Image: by Satria Bagaskara from Pexels
So how can we encourage and support wildlife activity in our gardens?
1. Don't over-tidy
Firstly, by not being too tidy! There are several ways this can help. If you don’t cut the lawn so much, or if you leave wild areas to grow this will mean that wildflowers will be able to mature and provide nectar for insects.
Log piles or piles of brash make great habitat for all sorts of creatures to hide in from toads and newts, to centipedes and beetles. As the wood rots down fungi will get to work recycling the rotting wood and providing a habitat for slugs and snails that then become a food source for birds and amphibians.
2. Add water
Can you add an area of water? It doesn’t have to be huge. If you have a room, a small pond can provide water for birds, different types of insect life from water boatmen to damsel and dragonflies, and frogs and newts. Make sure that wildlife has a way of getting in and out of the pond either by having shallow areas, or by providing some kind of ‘ladder’ for them to escape up.

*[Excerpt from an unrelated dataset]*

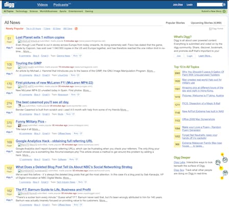 The digg homepage, on this day, 2007. 19 years ago. I feel old.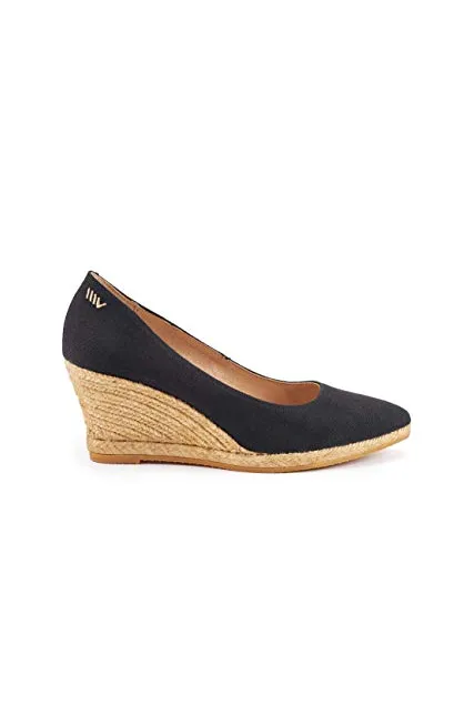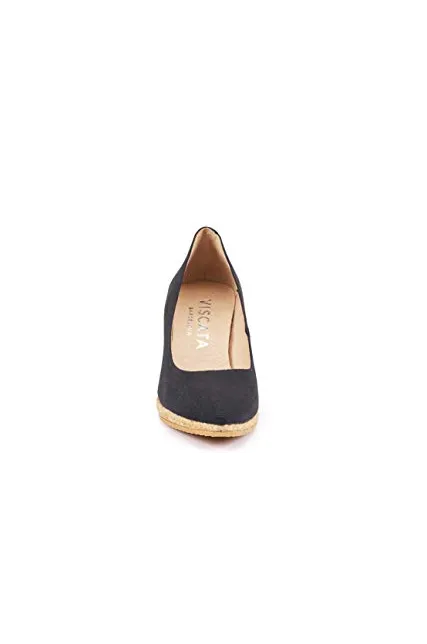 VISCATA Handmade in Spain Roses 2.75-inch Elegant Style, Soft Canvas, Slip-on Wedge Pump, Espadrilles Heel

My garden (at Chateau Greenslade) is small so I don’t have a pond but I have lots of zinc containers full of water and water loving plants simply to provide a drink for birds; I've added a few water loving plants to the pots for insects to rest on.
3. Bug hotels
Bug hotels are great fun to make and seem to capture the imagination of children. They can be made really simply by taking an empty plastic bottle and cutting off both ends to make a cylinder. This cylinder can then be filled with twigs, fir cones, string, and bamboo to make little hiding spaces/homes for insect life. Or you can use your wood working skills and make one similar to ours.
4. Bird feeders
Adding bird feeders to your garden really draws in crowds of feathered friends. If you put out several different types of bird feeders and different types of food you will really be amazed how quickly word gets around and how quickly the range of birds visiting your garden develops.
How to make a bird feeder at home
Method 1: easy bird feeder
A simple one to make with the kids: just take the inside of a toilet roll and cover the outside of it in peanut butter. Then roll the toilet roll in a tray of mixed bird seed so that the seed sticks to the peanut butter. You can then tie a piece of string through the middle of the toilet roll and hang it in a tree.
Method 2: making a bird feeder from coir pots
Whilst we went through the spring 2021 lockdown, our Golden Sebright Bantams were trapped inside because of the risk of bird flu. We tried to provide them with entertainment by putting rotting logs in their cage so that they could eat the grubs, and we hung plants that had gone to seed for them to peck at as well as bunches of berries and rosehips.
We also had a surplus of coir pots that were donated to us and the Head Chef had leftover suet and vegan suet to use up. They're really easy and if you don’t have fancy pots you could easily do this with half an orange with the flesh scooped out or even by rolling a pine cone in the suet mix.
Step 1: tie some thread through the pot/orange ~ I used embroidery thread.
Step 2: melt the suet (you could use coconut oil as it dries hard).
Step 3: mix bird food, seeds, crushed nuts, oats, breadcrumbs, muesli, left over mince pies, dried fruit, quinoa (if you’re fancy!) - whatever you have really into the suet.
Step 4: fill your pot/orange/pine cone with the suet mix and leave to dry.
Step 5: hang on a branch for the birds!! Our chickens love them!